Sixty against one hundred thousand: it would take a real Ice Man to maintain his cool with the odds so stacked against them.
CHAPTER FIVE
Briefings followed briefings thick and fast now. The Americans had divvied up the territories in which each Special Forces unit could operate. The British, Aussie and Kiwi SAS had got the Western Desert, territory with which they were familiar from the First Gulf War. And in getting the north of the country the SBS had landed either the jackpot or the booby prize, depending on how you looked at it.
The more he learned, the more Grey reckoned that the mission they’d been given was actually a real peach. He knew his military history well, and the last time that British – hell, any – Special Forces had embarked upon anything like such a mission so deep behind enemy lines had been in the days of the Second World War.
Back then the SAS and the Long Range Desert Group (LRDG) had penetrated the North African desert driving Chevrolet trucks and Vickers jeeps, carrying out recce, capture and sabotage missions, hitting enemy supply lines, fuel dumps, airfields and ammunition stores. In September 1942 they had launched perhaps their best-known and most epic of missions – Operation Caravan. Seventeen vehicles carrying forty-seven men had travelled 1,859 kilometres across the North African desert. On reaching their objective – the Italian-held Libyan town of Barce – the patrol had split up, one half attacking the enemy barracks and the other the airfield.
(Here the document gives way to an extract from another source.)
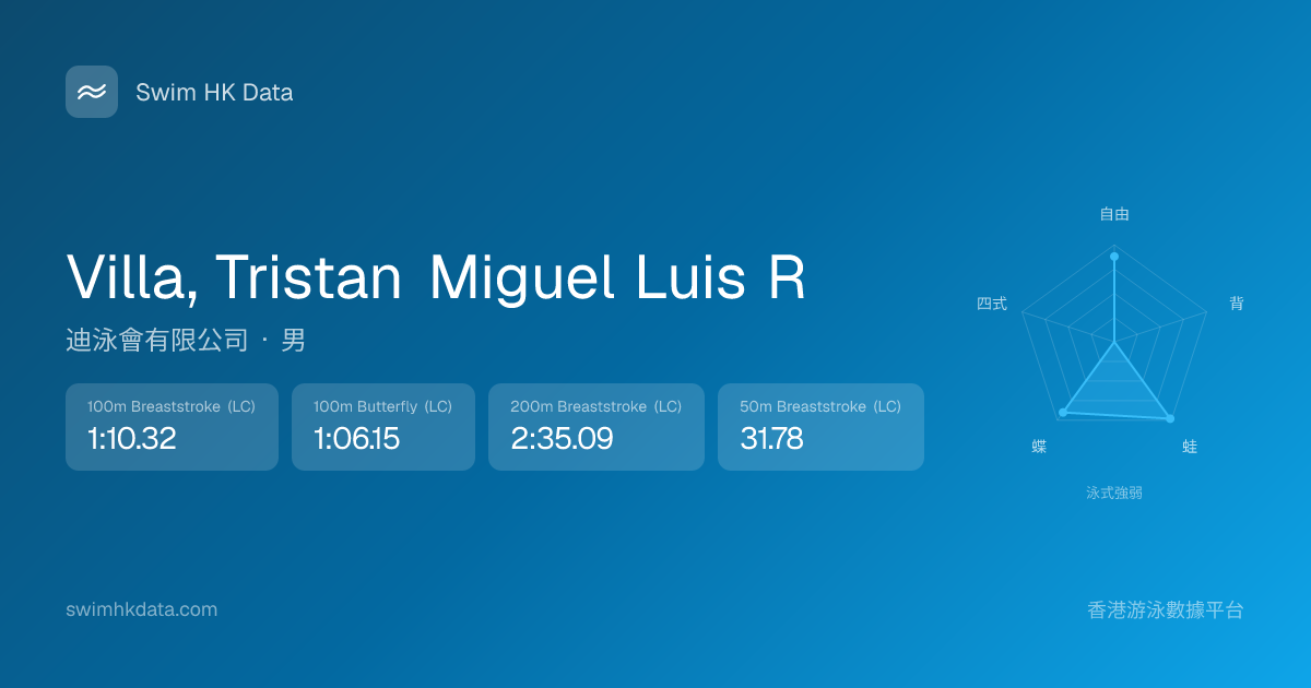 此圖表根據你所有比賽成績計算,顯示你在各泳式的相對強弱,僅供參考。繼續努力,每一次練習都會讓你更快更強!💪

During the airfield assault over thirty aircraft – mainly three-engined Italian Air Force bombers – had been damaged or destroyed.
If they could only pull it off, M Squadron’s Iraq mission would be up there with such legendary exploits. And when in the entire course of military history had one squadron of elite operators ever taken the surrender of an entire corps? Sure, the mission feasibility left a bit to be desired, as did the intelligence picture, but this was the kind of operation that would get talked about in the officers’ mess for years to come.
It was also going to be a massive personal test for each and every man on the Squadron. Sure, they were burned out after months of back-to-back operations. But equally, they were riding high on the success of the MV Nisha assault, not to mention their Afghan ops. So, while Grey had doubts about the specifics of the mission, he had every confidence in the individuals tasked to achieve it.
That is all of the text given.